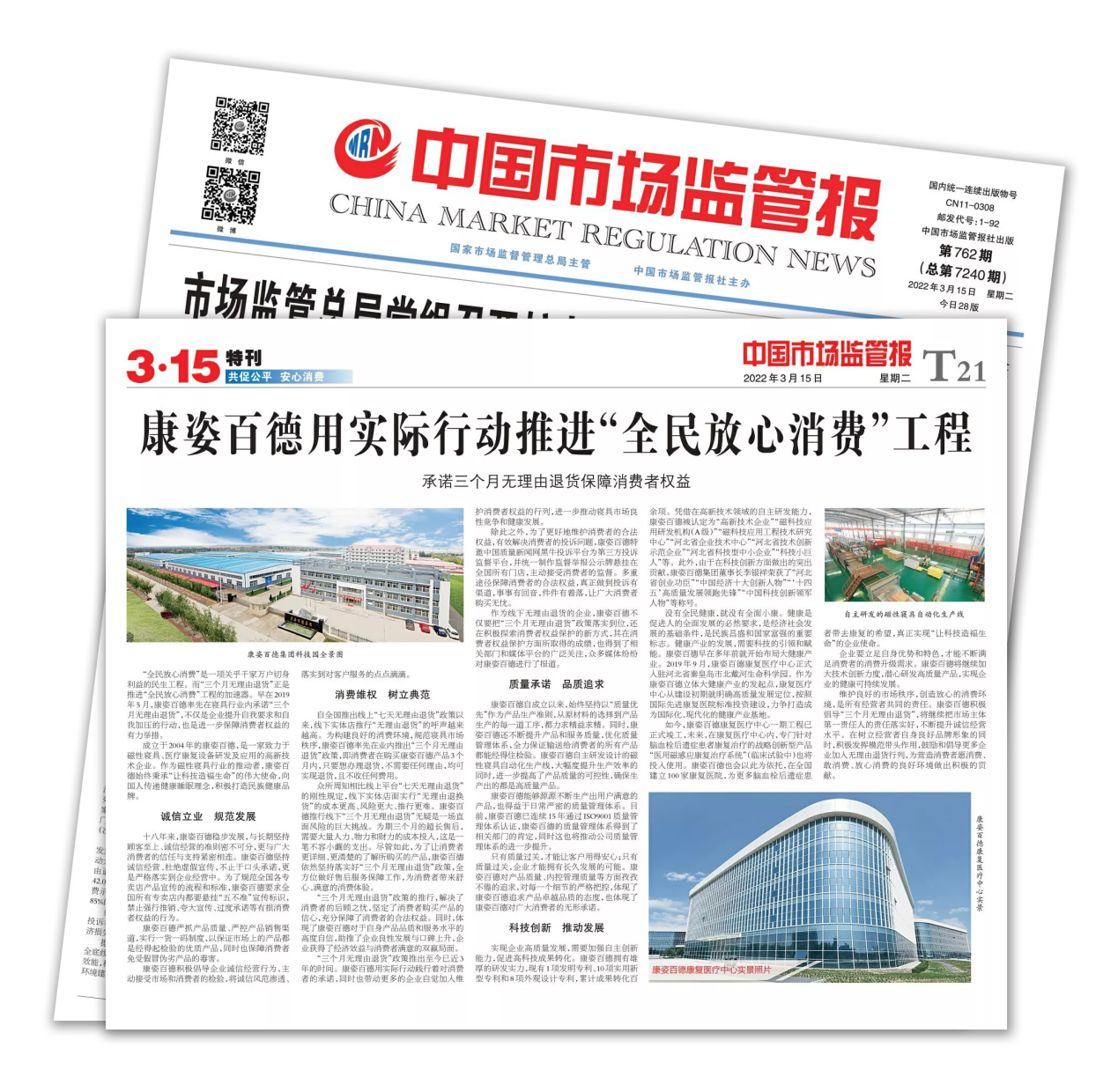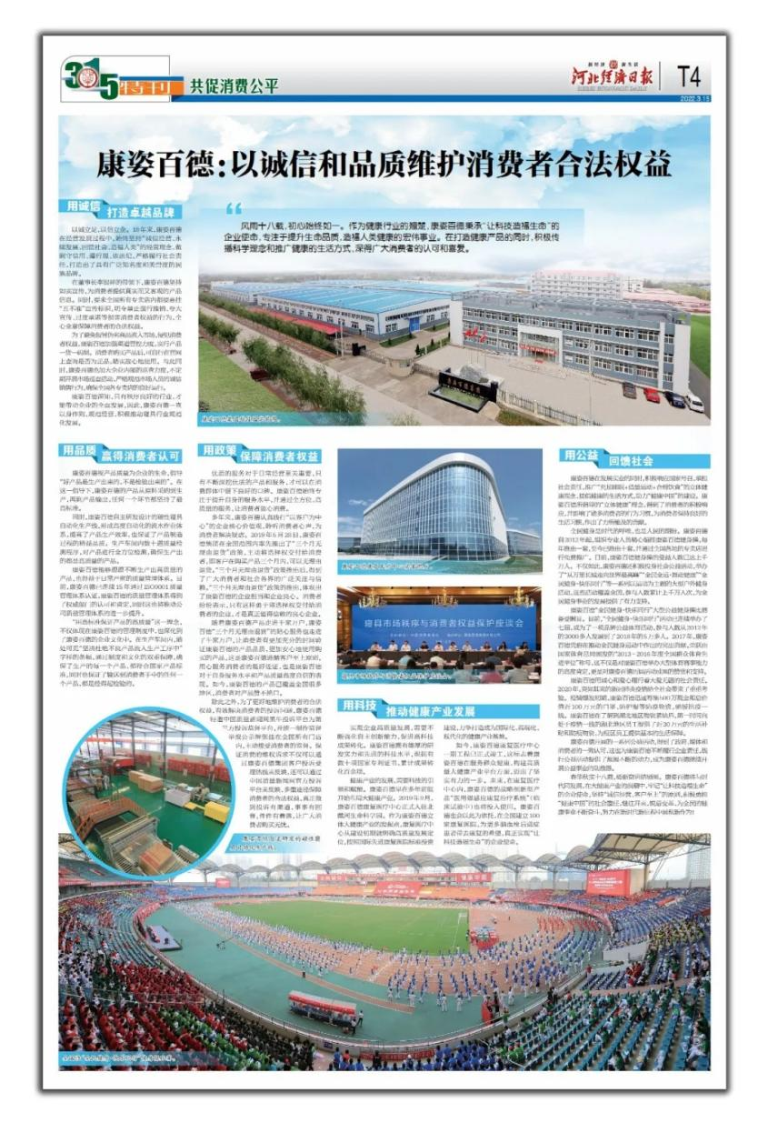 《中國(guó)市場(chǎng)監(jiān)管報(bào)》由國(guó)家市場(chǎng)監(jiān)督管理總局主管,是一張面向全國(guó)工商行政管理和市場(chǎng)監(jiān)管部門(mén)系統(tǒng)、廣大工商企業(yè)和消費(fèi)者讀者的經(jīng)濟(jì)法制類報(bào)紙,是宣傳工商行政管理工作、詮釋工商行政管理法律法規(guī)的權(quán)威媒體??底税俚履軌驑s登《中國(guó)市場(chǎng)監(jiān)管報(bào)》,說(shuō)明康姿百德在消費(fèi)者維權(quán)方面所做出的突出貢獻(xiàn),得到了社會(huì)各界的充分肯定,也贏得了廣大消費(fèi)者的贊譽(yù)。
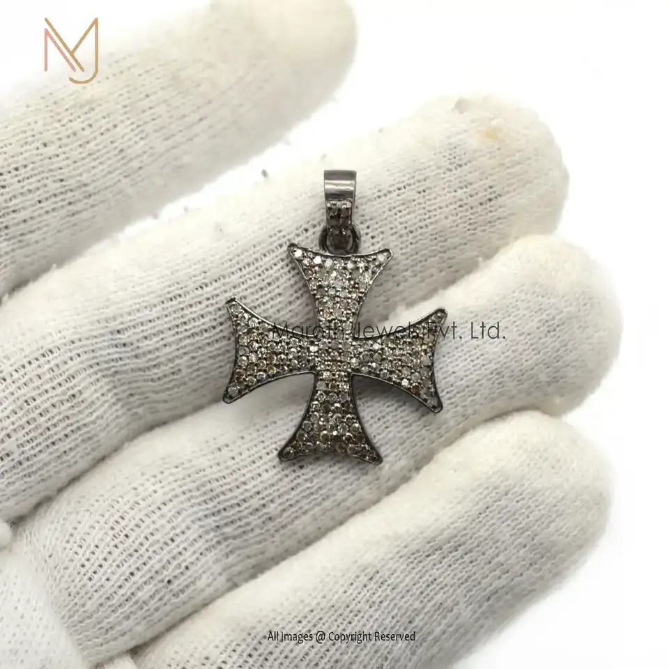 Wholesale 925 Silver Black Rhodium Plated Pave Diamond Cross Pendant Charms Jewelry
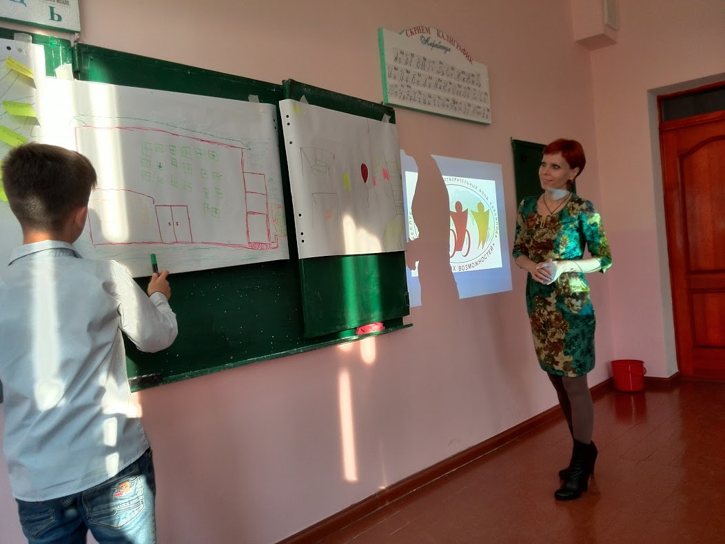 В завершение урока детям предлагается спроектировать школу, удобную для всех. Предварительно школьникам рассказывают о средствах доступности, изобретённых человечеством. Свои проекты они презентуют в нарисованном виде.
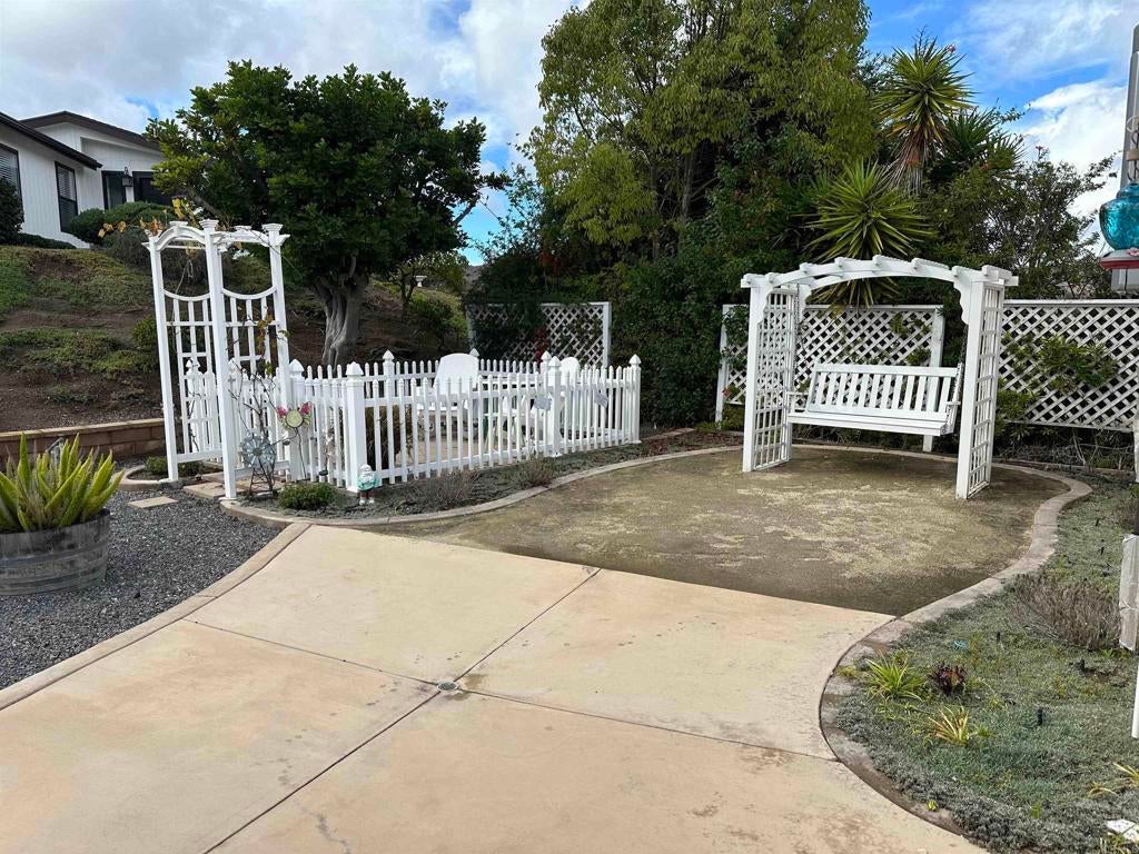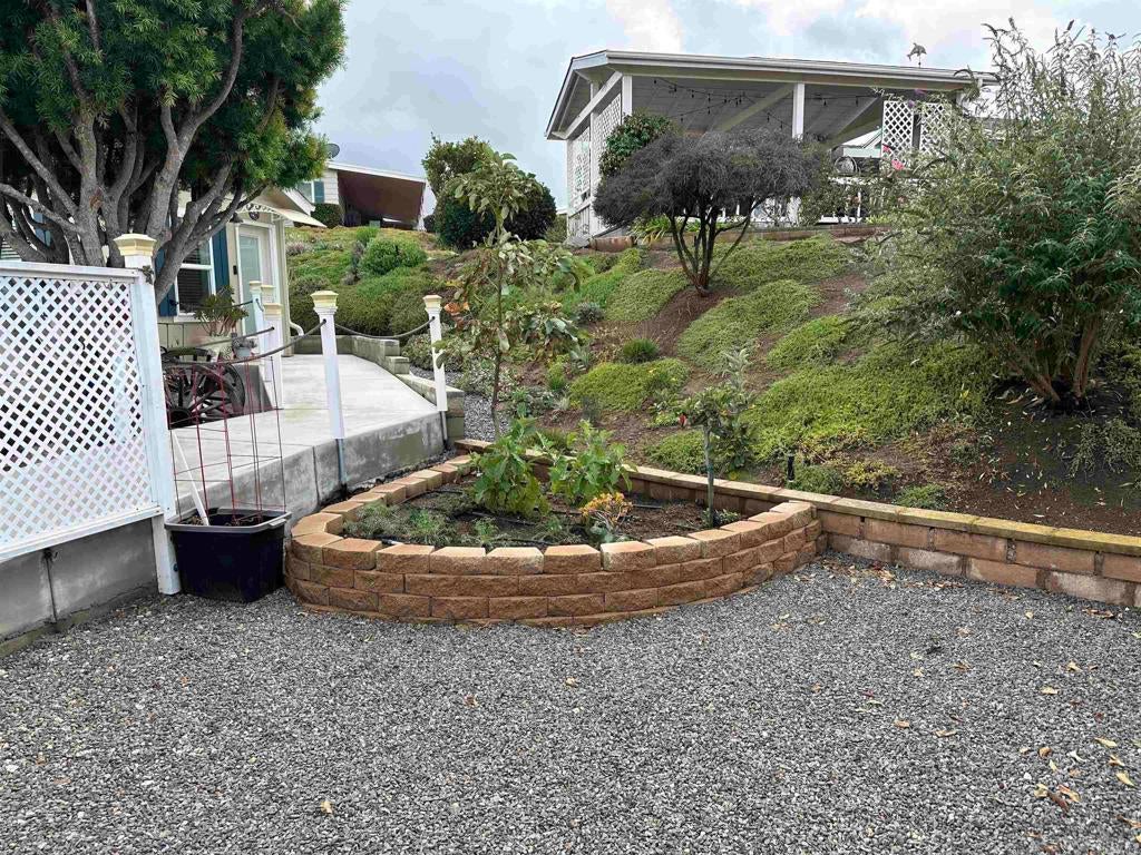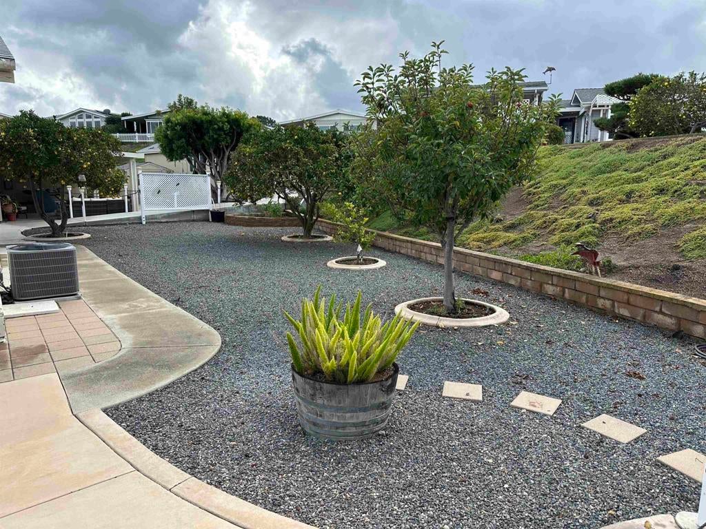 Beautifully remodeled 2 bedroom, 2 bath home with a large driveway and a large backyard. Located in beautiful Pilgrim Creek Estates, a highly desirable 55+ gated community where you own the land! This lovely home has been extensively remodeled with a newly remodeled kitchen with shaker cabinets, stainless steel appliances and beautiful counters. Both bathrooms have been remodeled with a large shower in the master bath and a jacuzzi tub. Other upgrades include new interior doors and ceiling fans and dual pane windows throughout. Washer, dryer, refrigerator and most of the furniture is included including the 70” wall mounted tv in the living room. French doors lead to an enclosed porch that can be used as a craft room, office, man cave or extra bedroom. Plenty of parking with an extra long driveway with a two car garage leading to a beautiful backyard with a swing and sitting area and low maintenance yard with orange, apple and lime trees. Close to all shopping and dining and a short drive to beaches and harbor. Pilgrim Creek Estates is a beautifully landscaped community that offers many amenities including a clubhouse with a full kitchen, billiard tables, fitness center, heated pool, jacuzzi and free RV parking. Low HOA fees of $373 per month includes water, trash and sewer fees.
----
Directions for this task: Look above for the line containing "Wholesale 925 Silver", then copy exactly from it through the line containing "В завершение урока", keeping both and leaving out pictures. Add nothing else.

Solution to this task:
 Wholesale 925 Silver Black Rhodium Plated Pave Diamond Cross Pendant Charms Jewelry
 В завершение урока детям предлагается спроектировать школу, удобную для всех. Предварительно школьникам рассказывают о средствах доступности, изобретённых человечеством. Свои проекты они презентуют в нарисованном виде.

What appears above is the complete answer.